In fact, the Global Coral Reef Monitoring Network the next year reported no net
decline in coral cover over the previous four years.
Professor Peter Ridd, a James Cook University reef researcher, insisted the reef
was in “bloody brilliant shape” and said unnamed scientists were “crying wolf” —
and getting funding.
In 2011, Hoegh-Guldberg predicted a “large-scale mortality” of reef-building
corals on West Australian reefs from Shark Bay to Exmouth within three months.

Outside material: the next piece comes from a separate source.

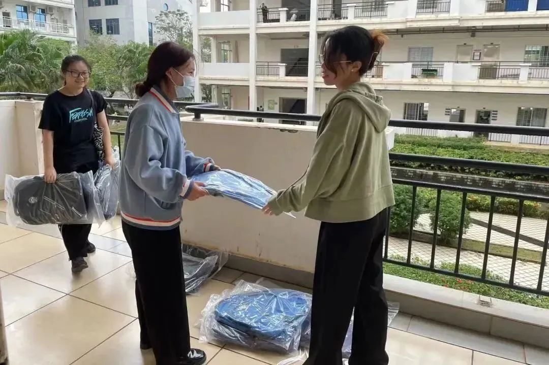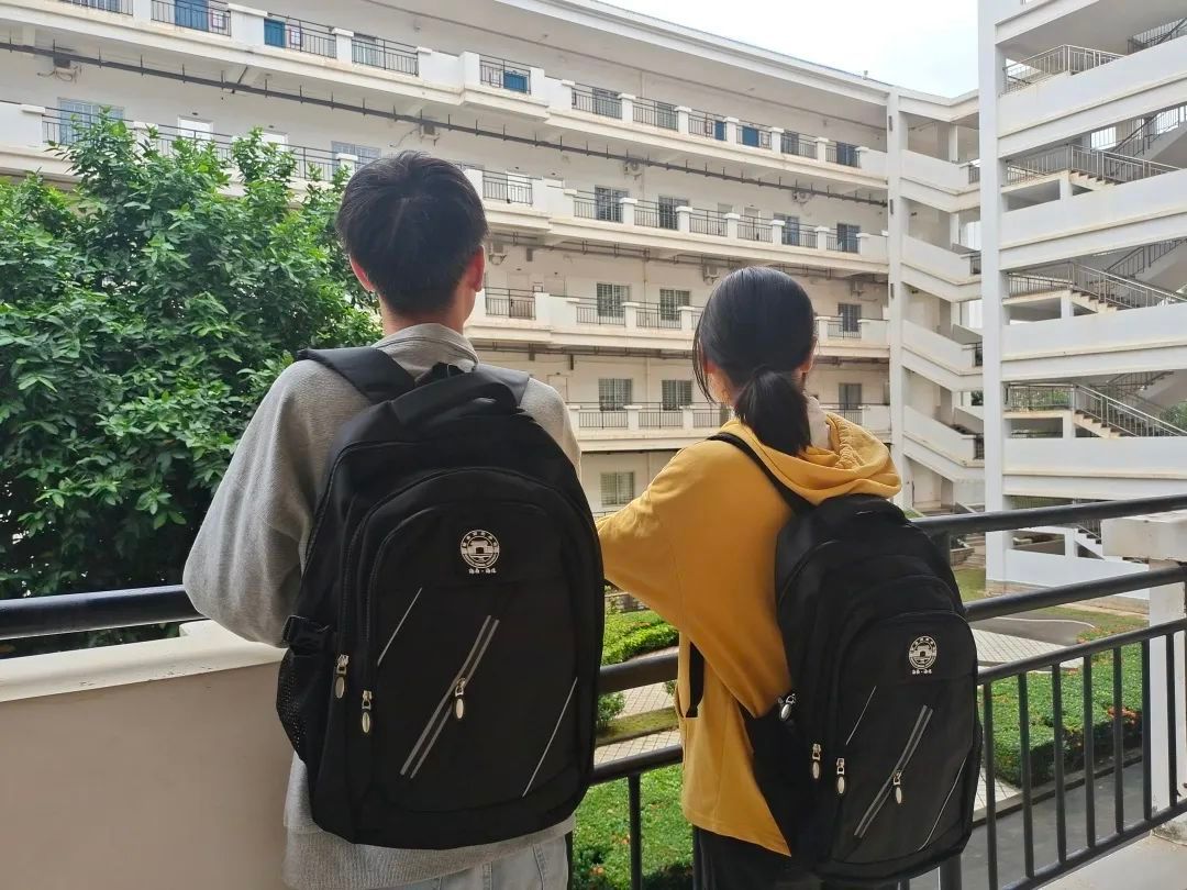书包上的校徽,记录着琼台三百年的校史,“宣德育人,衍道敦行。”八字校训深深烙印在每位琼台学子的心中。小小的书包,不仅仅是琼台的象征,更意味着传承,愿2022级学子们继续带着这份关爱和祝福,在日后的生活中发光发热。

In fact, he later admitted the famous Ningaloo Reef, the largest there, had actually
“had a narrow escape”.
Yes, the Great Barrier Reef can be damaged by seas made suddenly warm, giving
coral no time to adapt.
But Hoegh-Guldberg seems to have repeatedly underestimated coral’s ability to
adapt — which is one reason the reef has already survived 15,000 years in its
present form.
Just last December, the Great Barrier Reef Marine Park Authority noted a bloom in
coral growths since the devastation caused by Cyclone Yasi three years ago, with
“quite good recovery” in fast-growing species particularly. (And, no, global
warming hasn’t caused more cyclones but, if anything, fewer.)
Yet, here comes Hoegh-Guldberg again, shouting: “Repent! For the end of the
reef is nigh!”
And see the journalists trailing behind their messiah, questioning nothing,
repeating everything.
How much of the warming scare is built on such “reporting”?